--- James Heartfield <Heartfield at blueyonder.co.uk> wrote:
>
> Pedantically speaking 'privileged' is wrong. It is
> not private law that
> creates social inequality, as under feudalism, but
> public law, equally
> applied, that allows social inequality through
> private property (in the
> means of production, to be precise).
>
> Analytically, the way to go further than 'privilege
> is relative' is to shift
> the focus of investigation from the realm of
> consumption, and the
> distribution of goods there, to the realm of
> production and the distribution
> of its means among the social classes.
>
> Not privilege, then, but exploitation is the
> category that will clarify what
> follows it, the unequal distribution of goods among
> the population.
[WS:] I agree, to a point. However, it is important to realize that while both concepts my imply the same empirical reality (measured by the economic value of resources) - they carry different connotations and interpretative frameworks.
"Exploitation" starts with the framework of prosperity being the norm, claims that some people receive resources that fall below that norm, and implies that those "exploited" should be elevated to the norm of prosperity.
"Privilege" otoh starts with the framework of the puritannical notion that prosperity is bad, claims that some people experience that prosperity, which is unjust almost by definition, and implies that those "privileged" be brought down to the puritanical norm of austerity.
I think this is also a big divide between the European and American left.

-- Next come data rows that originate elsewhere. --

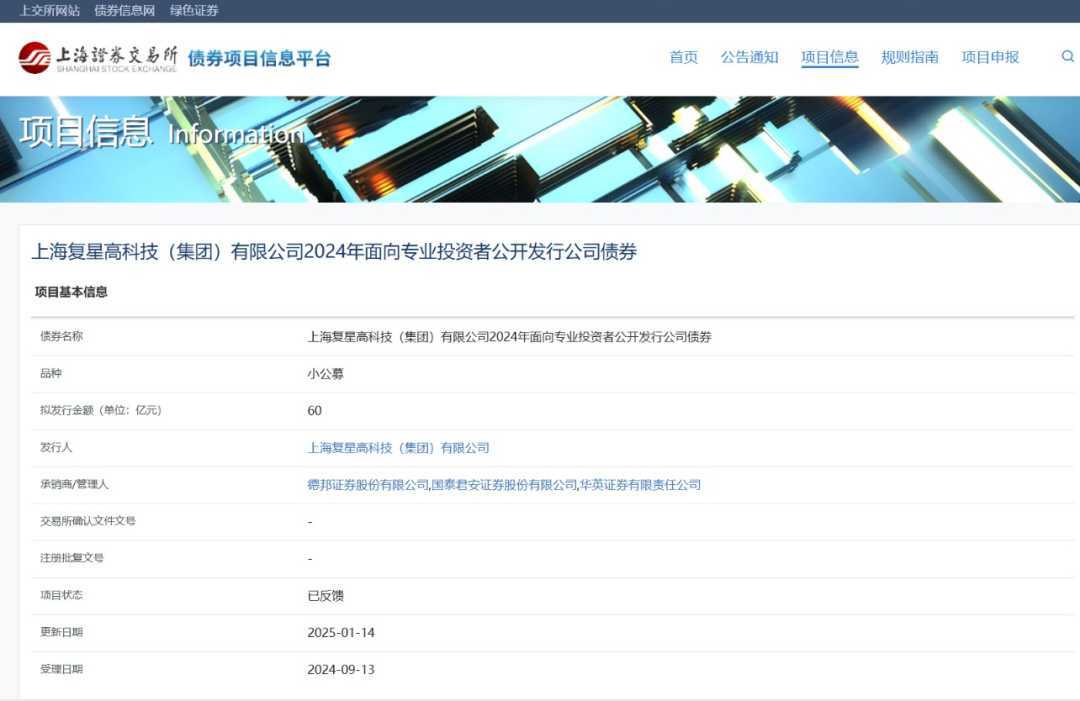 上海复星高科技集团60亿小公募债券项目获上交所反馈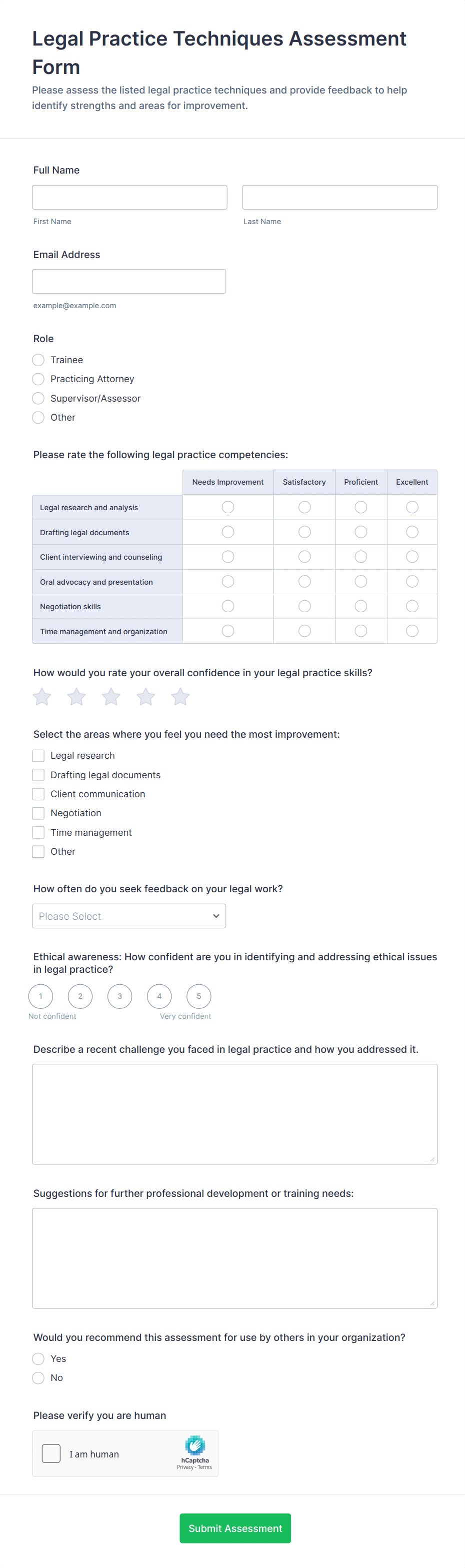 Assessment Form Templates are pre-designed digital forms used to evaluate, measure, or analyze knowledge, skills, performance, or other criteria across a variety of settings. These templates are commonly utilized in education for student assessments, in the workplace for employee evaluations, in healthcare for patient screenings, and in many other fields where structured feedback or data collection is essential. Assessment forms can range from simple quizzes and self-assessments to complex multi-section evaluations, making them versatile tools for gathering actionable insights and supporting decision-making processes.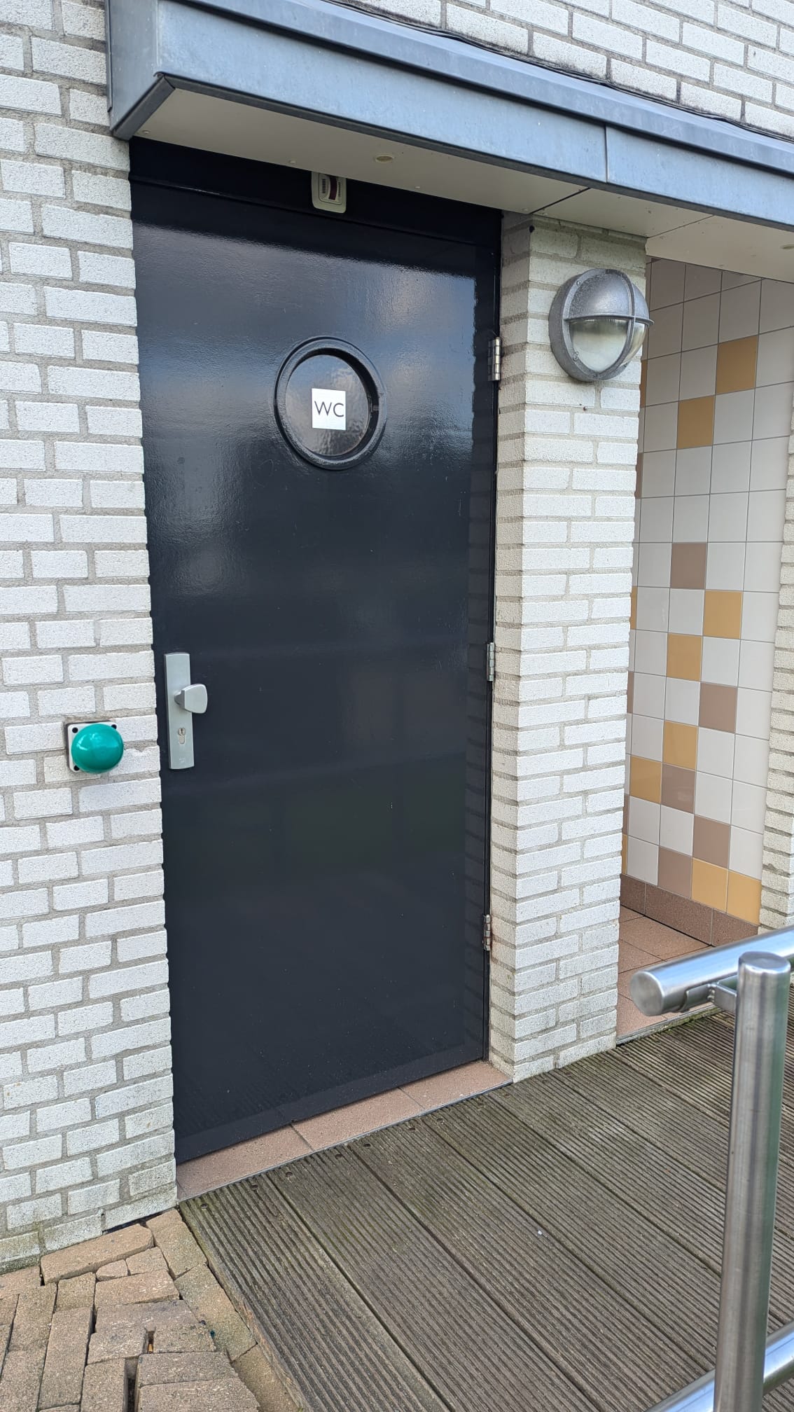 Drie van de resterende zeven centrumsecreten zijn in min of meer openbare gebouwen geplaatst: bij de jachthaven, in het stadhuis en in de Gasthuiskerk. Alleen de eerste is geopend, zo meldt de app. Bij ons bezoek ziet het er pico bello uit, alleen ontbreekt de HogeNoodsticker. Maar de groene knop om de deur te openen maakt dat meer dan goed.

The US left tends to be puritannical deep down their hearts. US lefties tend to romanticize austerity (if not poverty) and loathe prosperity. They may not openly admit it and even deny it, but for an outside observer such a conclusion is difficult to escape.

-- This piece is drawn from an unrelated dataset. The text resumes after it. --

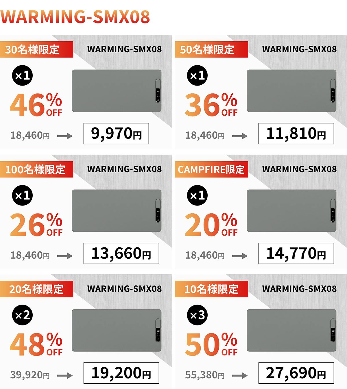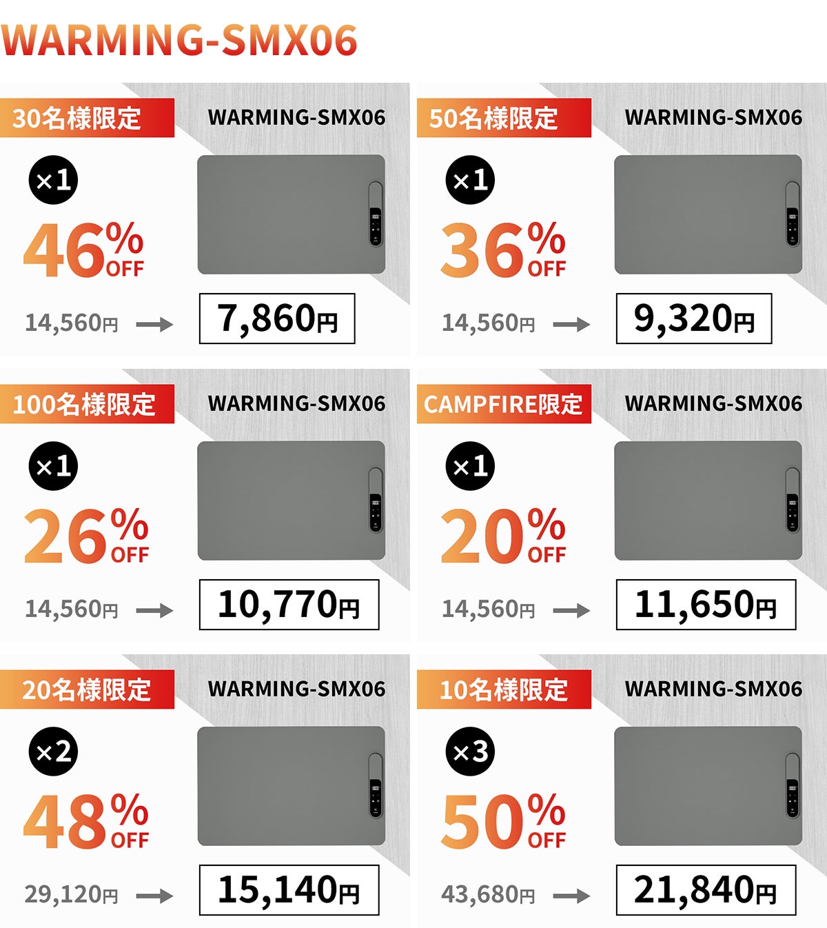 2026/03/02 11:10支援者の皆様お世話になっております。2月28日をもちまして、「電熱保温マット」プロジェクトは無事に終了いたしました。最終結果は 330,700円 のご支援をいただき、支援してくださった一人ひとりの皆さまのおかげです。「キャンプでも家庭でも、すぐに温まる」——そんな新しい体験を届けたいという想いに共感いただき、温かいご支援と熱いメッセージを賜り、心より感謝申し上げます。【今後のスケジュールについて】現在、製品の量産準備を進めております。今後の主なスケジュールは以下の通りです:・生産開始 3月・生産終了 4月・運送開始 5月・運送終了 5月※遅くも5月31日にお届け完了予定です。※生産状況によっては予定のスケジュールより早く出荷する場合がございます。進捗があり次第、活動報告にてご連絡いたします。引き続き、製品の完成とお届けまで、最後の最後まで責任を持って進めてまいります。改めまして、このたびは本当にありがとうございました!今後ともよろしくお願いいたします。シンズ・ストア もっと見る【本日23:59で終了】ラストチャンス!

I realized that for the first time in California when I visited the "alternative" hippe stores with grossly overpriced goods and a meticulously crafted appearance of rustic simplicty. Add to it their frequent romanticizing of the lumpen all around the world, while loathing the US working class, which has pretty much middle class aspirtation to prosperity.
So when you propose to replece the term "privilege" with a different concept, you are not merely proposing a more efficient analyitical tool. You are asking for a change of the entire weltanschauung from one glorifying puritannical austerity to one wallowing in hedonistic materialism. This is an uphill battle, James.

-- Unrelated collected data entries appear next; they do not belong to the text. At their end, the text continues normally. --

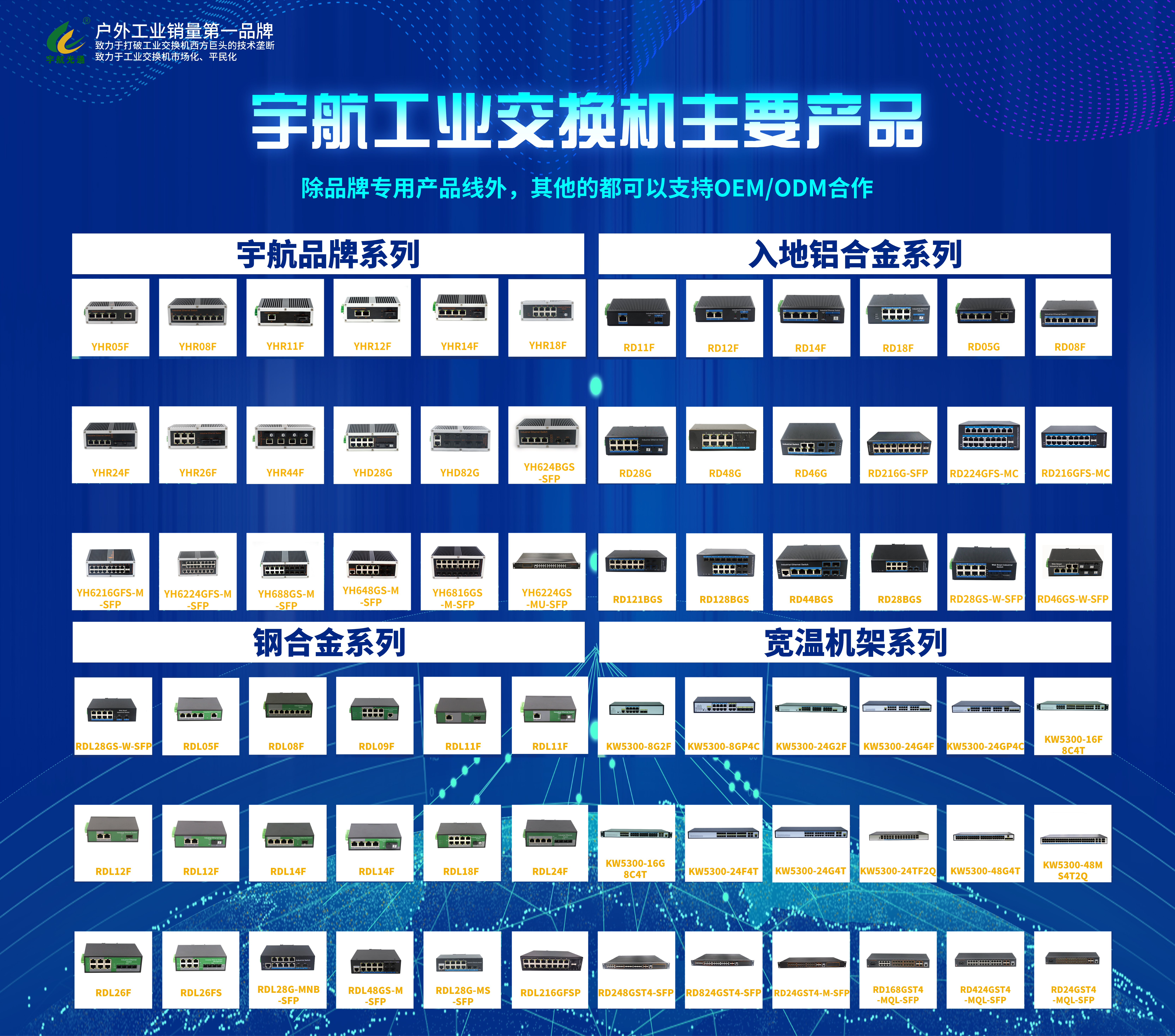 深圳市宇航光通科技有限公司自2012年成立以來,是一家聚焦于工業(yè)交換機的源頭廠商,也是國產(chǎn)工業(yè)交換機最大的源頭廠商,宇航專注于工業(yè)交換機品牌市場和中大型客戶OEM/ODM市場。產(chǎn)品包括工業(yè)級收發(fā)器、工業(yè)級交換機、工業(yè)級POE交換機、二層網(wǎng)管型工業(yè)級交換機、三層網(wǎng)管型工業(yè)級萬兆交換機、機框式插卡工業(yè)交換機、純國產(chǎn)工業(yè)交換機等。多年來,宇航致力于打破工業(yè)交換機西方巨頭的技術(shù)壟斷,致力于工業(yè)交換機市場化、平民化。宇航,戶外工業(yè)交換機銷量第一品牌!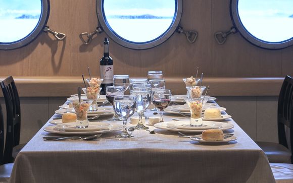 Esta experiencia envolvente, que combina naturaleza, gastronomía y actividades invernales, te proporcionará recuerdos inolvidables antes de tu regreso a la ciudad. Tu chófer te llevará al puerto para embarcar a las 18.00 h. Cóctel de bienvenida y presentación del capitán y la tripulación.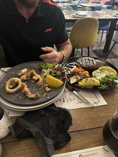 Struggled through a menu that only partly translated and ended up ordering calamari as I saw someone else with it. Had to convince them I wanted it as an appetizer but it still came as a main size portion, rubbery and either from frozen or twice fried as it was not fresh. Im an F1 fan but don't think you're supposed to eat Pirelli tyres!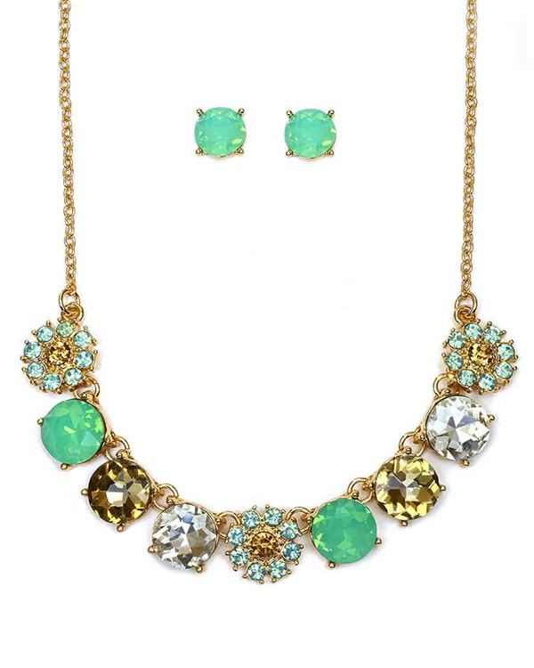 WHOLESALE CRYSTAL FLOWER LINK NECKLACE SET 419203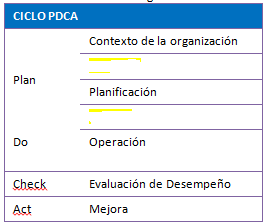 Complete la tabla del Ciclo PDCA en un Sistema Integrado de Gestión HSEQ [blank_start]___[blank_end] y [blank_start]___[blank_end]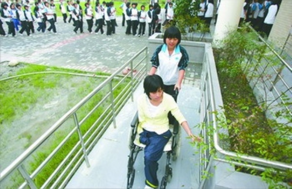 这是一所拥有无障碍设施的新学校。新学期,在都江堰市七一聚源中学,地震致残学生李露在母亲的陪伴下,开始了新的学习生活。为照顾地震致残学生起居,学校特许李露母亲住校陪读,还给李露母亲在学校安排了卫生保洁工作。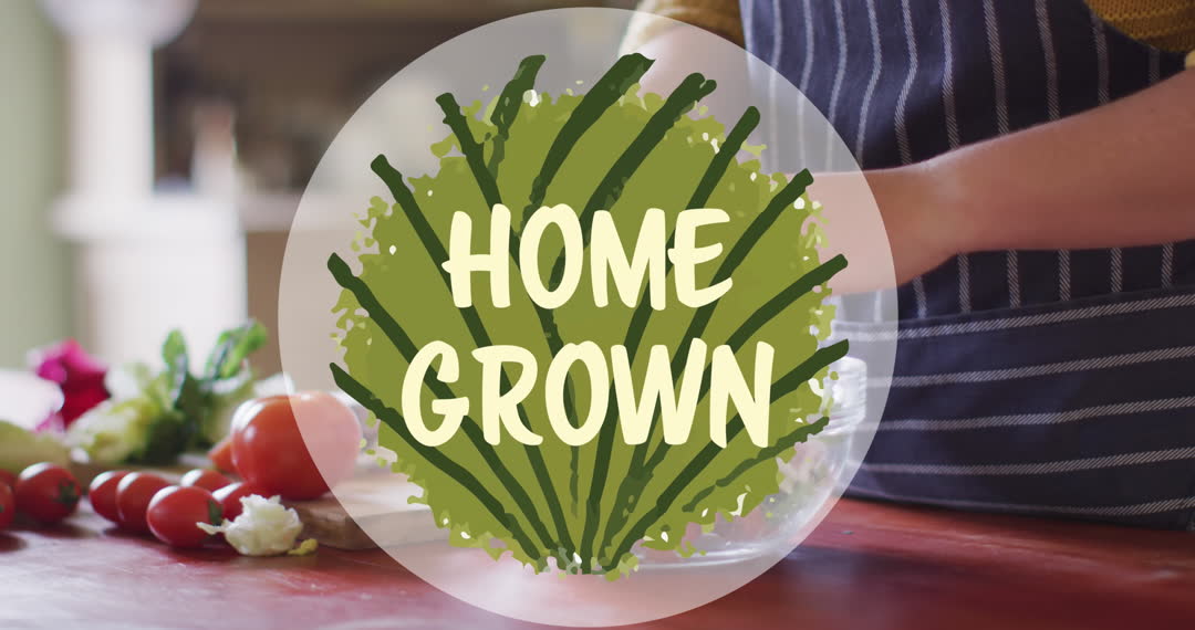 Person wearing apron preparing fresh vegetables in kitchen. A circular emblem with 'Home Grown' text overlays, emphasizing organic and local produce. Ideal for content related to healthy eating, organic farming, home cooking, or culinary workshops.

PS. I also think that the concept of 'exploitation" is not analytically useful either, for the reasons implicit in the labor theory of value. The proles receive the market or "exchange" value of their labor, anything above that would be charity. End of story.
I think that a more analytically useful concept is the utilization of the surplus that the labor produces. Private control of that surplus does not gurantee the most efficient utlization of that surplus. Au contraire, it pretty much gurantees waste and ineffciency, which is bad for society and esepecially those who control little resources of their own. Public control of that surplus in a rationally planned economy setting can do much better in distribuing that surplus in a mater that beneficial to the entire society. The "marginal" effect of that distribution to those who now control little resources of their own will be particularly significant.
Therefore, the battle cry of socialims ought to be for the public and planned control and distribution of surplus rather than against exploitation of labor. But again, the latter carries a certain denunciatory, accusatory, finger pointing connotations which some activistists just love to pursue - so again it is about ideological-interpretative mind set rather than analytical usefulness.